G72/G30 (DAOA) and juvenile-onset mood disorders^†

Mood disorders (bipolar and depressive disorders) in children and adolescents are prevalent and associated with high morbidity and mortality [Kessler et al., 2003]. Previously, we performed a genome scan on 146 nuclear families from Hungary with affected sibling pairs diagnosed with juvenile-onset mood disorders [Wigg et al., submitted]. Although no marker provided evidence for a novel linkage finding at the recommended genome wide significant level, we identified a region with nominal evidence for linkage (P < 0.01) on chromosome 13q. This region has been linked to mood disorders (bipolar disorder and recurrent depressive disorder) in previous studies [Stine et al., 1997; Detera-Wadleigh et al., 1999; Kelsoe et al., 2001; Liu et al., 2001; Shaw et al., 2003], thus the results met the criteria for significance as a replicated linkage region [Lander and Kruglyak, 1995]. The distal 13q region has been also linked to other psychiatric disorders and phenotypes including schizophrenia (13q32) [Blouin et al., 1998; Brzustowicz et al., 1999], panic disorder [Hamilton et al., 2003], mood-incongruent psychotic features in bipolar disorder (13q21-33) [Goes et al., 2007], and psychotic bipolar disorder (13q32, 13q31) [Park et al., 2004].

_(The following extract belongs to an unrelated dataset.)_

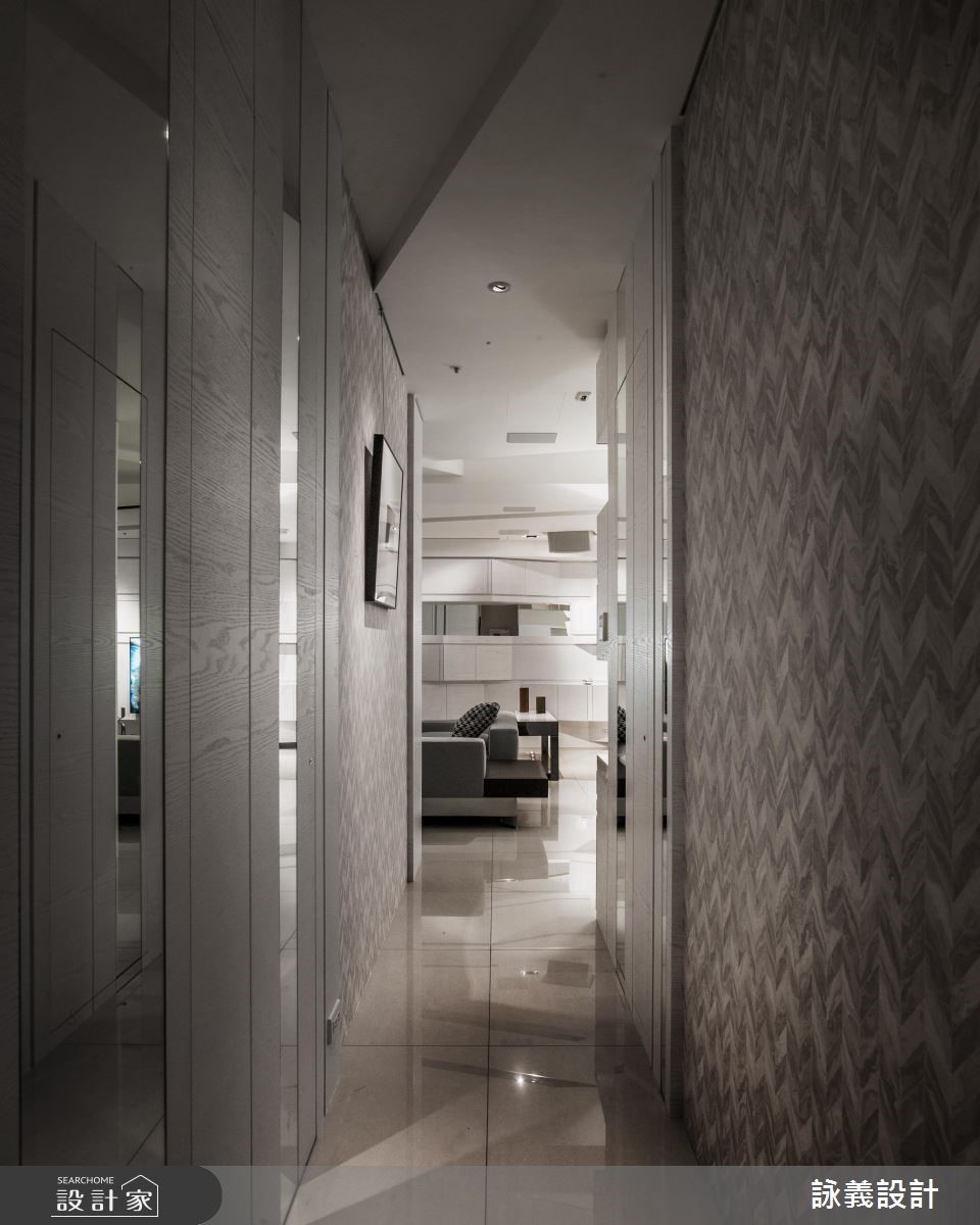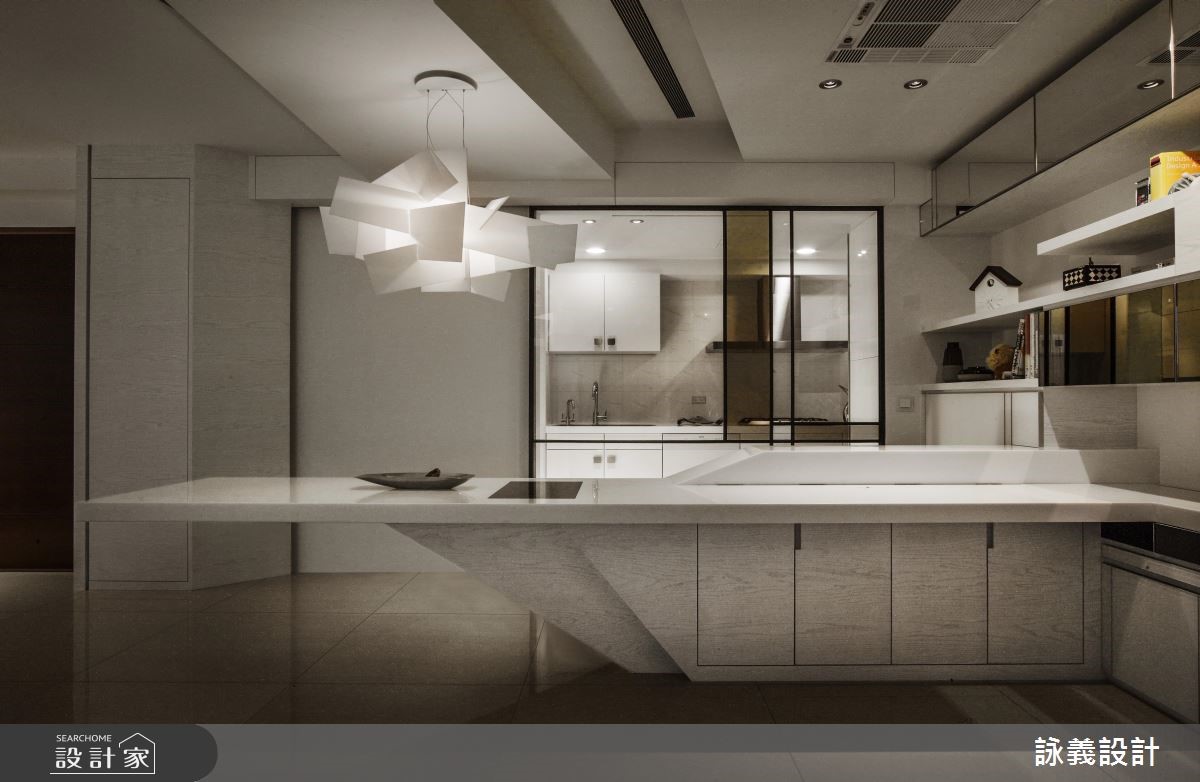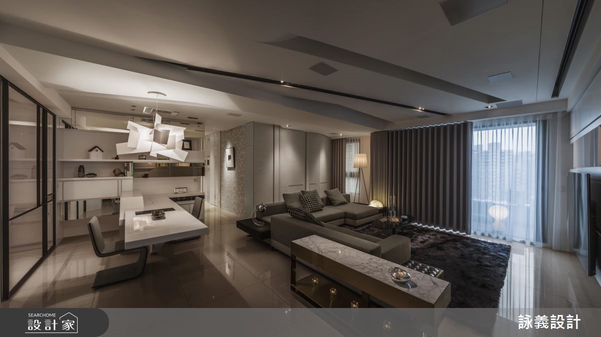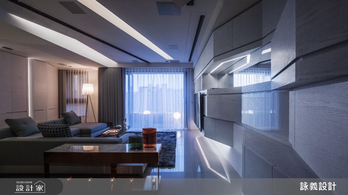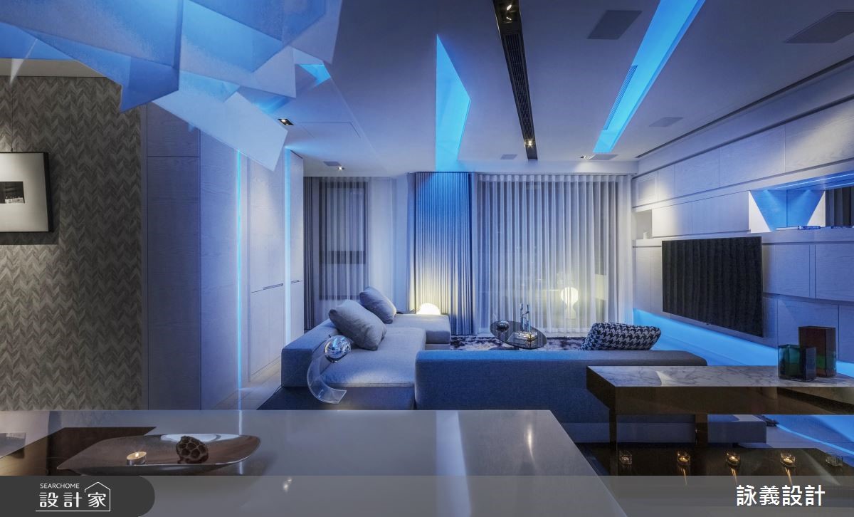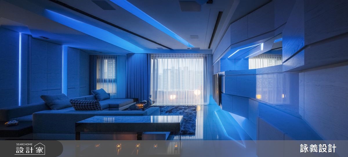 129平方米居宅,在同个空间内,设计师善用智能灯光,主导了白昼、黑夜的不同情境,仅凭借一个开关,实践舒适与浪漫场景,展现截然不同的居家视野,快跟着小编一起来看看吧! 【线条语汇堆叠,丰富空间层次】整体在墙面、天花等处引用多层次的线条转折、几何语汇,堆叠出充满律动感的空间意象,从电视墙起始,即透过进出面交错的设计,衔接展示平台与隐藏收纳柜,呈现富有节奏感的立体主墙,天花板也同样呼应着墙面,在灯光烘托下铺叙更挑高的居家架构。来到餐厨区,也可见巧思设计,设计师将柜体与桌体做出一体规划,从立面延伸出浮岛式餐桌,且穿插着镜面妆点,搭佐前卫吊灯画龙点睛,使场域温馨却不乏摩登韵味。同时,亦藉由灯光衍生更多情境变化,若是开启暖白光线,则与户外采光相得益彰,延伸白昼的舒适质地,或也可在夜晚打开蓝色灯光,瞬间改变氛围,变化成神秘科幻,有如异星般的唯美视野。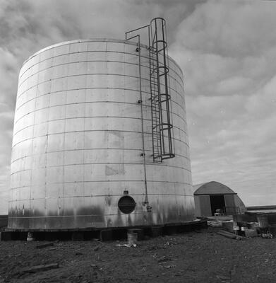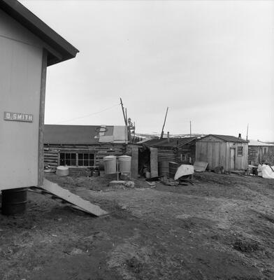 91-3 Nome [April 1943; Pan X; abandoned mining equipment in foreground; structures, automobile, storage tanks in distance; snow]

Localized in the 13q linkage region are the genes G72, also termed d-serine amino acid oxidase activator (DAOA), and G30 which are overlapping genes that are transcribed in opposite directions and span ∼29 and ∼47 kb of genomic sequence, respectively. The G72/G30 locus was first identified as associated with schizophrenia [Chumakov et al., 2002], a finding that has been replicated [Abou Jamra et al., 2006; Craddock et al., 2006; Detera-Wadleigh and McMahon 2006; Shi et al., 2008]. However, the association findings are far from unanimous and further are also not consistent across the associated markers or alleles [Abou Jamra et al., 2006; Craddock et al. 2006; Detera-Wadleigh and McMahon 2006; Shi et al. 2008]. Following the reports of association of G72/G30 with schizophrenia, five studies [Hattori et al., 2003; Chen et al., 2004; Schumacher et al., 2004; Fallin et al., 2005; Williams et al., 2006] and a meta-analysis [Detera-Wadleigh and McMahon, 2006] have found association of G72/G30 with bipolar disorder.

The function of G72/G30 is unknown. Until now, only two studies have investigated the function of G72 [Chumakov et al., 2002; Kvajo et al., 2007]. The G30 transcript appears not to be translated [Chumakov et al., 2002], suggesting a different function for G30, although a role in regulation of G72 is a possibility. The first study of G72 demonstrated that the G72 protein binds to, and activates, d-amino acid oxidase (DAO) in vitro [Chumakov et al., 2002], an enzyme that oxidizes d-serine, an agonist of N-methyl-d-aspartate type glutamate (NMDA) receptor [Chumakov et al., 2002].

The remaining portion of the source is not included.